Gang Of Taïwan frappe fort. Sous ses allures de film de gangsters, le long-métrage de Keff propose une immersion brutale et poétique dans une société au bord de l’asphyxie. À Taipei, Zhong-Han, jeune homme mutique, travaille le jour dans un restaurant familial, la nuit dans le racket. Son quotidien bascule quand l’établissement est racheté par un homme d’affaires véreux. Pour la première fois, il doit choisir entre loyauté et survie.
Le mutisme de Zhong-Han n’est pas un simple trait de caractère. Il incarne le silence imposé à toute une génération, et plus largement à un pays en tension. Si la rue devient personnage, c’est aussi parce qu’elle reflète un territoire coincé entre deux mondes : Taïwan, isolé diplomatiquement, sous la pression constante de la Chine continentale.

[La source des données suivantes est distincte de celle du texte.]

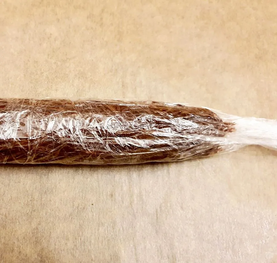- Das eine Ende mit der Folie drehen und mit Garn abbinden.

Keff transforme cette voix étouffée en cri politique sourd, sans jamais sacrifier l’intime. Le film nous montre une jeunesse qui tente de fuir sa condition, sans jamais vraiment pouvoir s’échapper. À chaque envie d’élévation répond une chute, un prix à payer.
Ce qui marque dans Gang Of Taïwan, c’est la précision de chaque plan. Rien n’est là pour séduire. L’esthétique, faussement idyllique, sert de contraste avec la violence frontale du récit. Les scènes de tendresse sont rares, presque irréelles, comme un mirage. La ville est trop propre pour être honnête. Les silences sont lourds. Même la lumière raconte quelque chose. Ce n’est pas un film à effets, mais un film qui dérange, qui grince, qui laisse des traces.

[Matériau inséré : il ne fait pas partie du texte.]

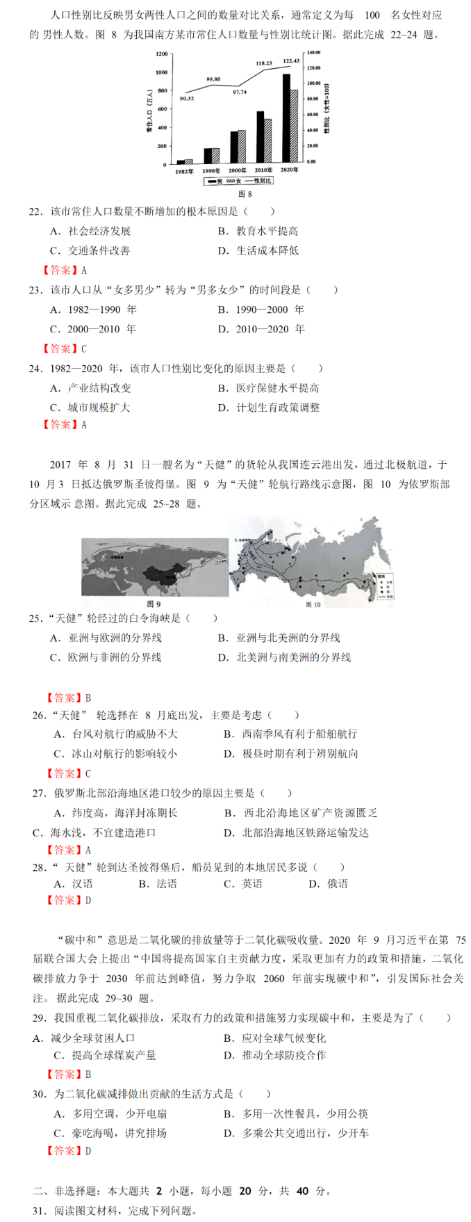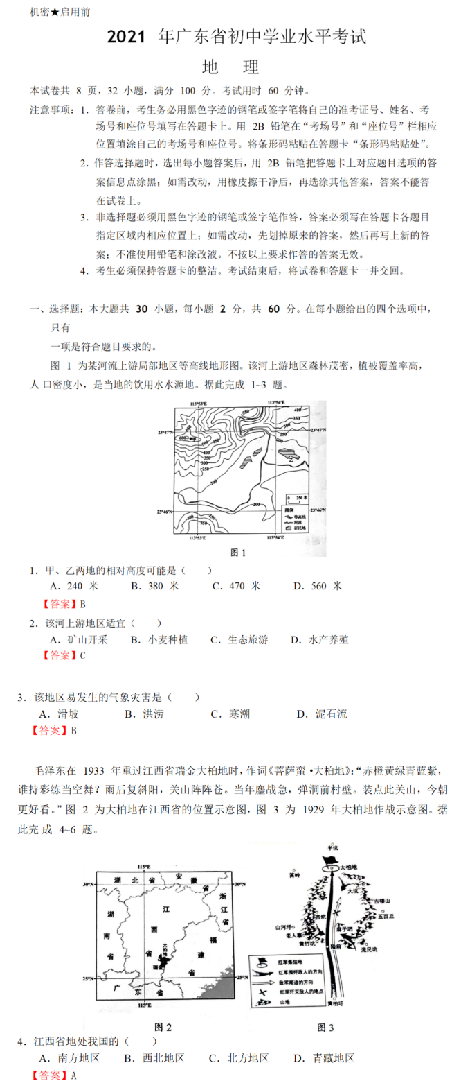 2021广东省中考地理真题及答案发布

La direction d’acteur est à la hauteur de l’ambition : Liu Wei Chen incarne Zhong-Han avec une retenue désarmante. Il ne parle pas, mais il regarde. Et ces regards suffisent. Le reste du casting est tout aussi juste, ancré dans le réel, habité. Keff n’exige pas des performances spectaculaires, mais des vérités humaines. Il filme ses personnages comme des êtres vivants, pas comme des figures de genre.
En toile de fond, la philosophie sartrienne irrigue le récit : vouloir tout, c’est souvent n’obtenir rien. Travailler dur pour s’élever est un sacrifice. Vendre son âme à la rue en est un autre. Le film repose sur cette échelle sociale impitoyable : on monte ou on s’écrase. Pas d’entre-deux. Pas de salut. Seulement des choix impossibles et des désirs qui s’annulent.
Gang Of Taïwan est un film noir, sans échappatoire, où l’espoir n’a pas sa place. Et c’est précisément cette lucidité, presque cruelle, qui rend le film bouleversant. Un choc, un miroir, un cri. Rien de gratuit, rien de confortant. Mais tout est vrai.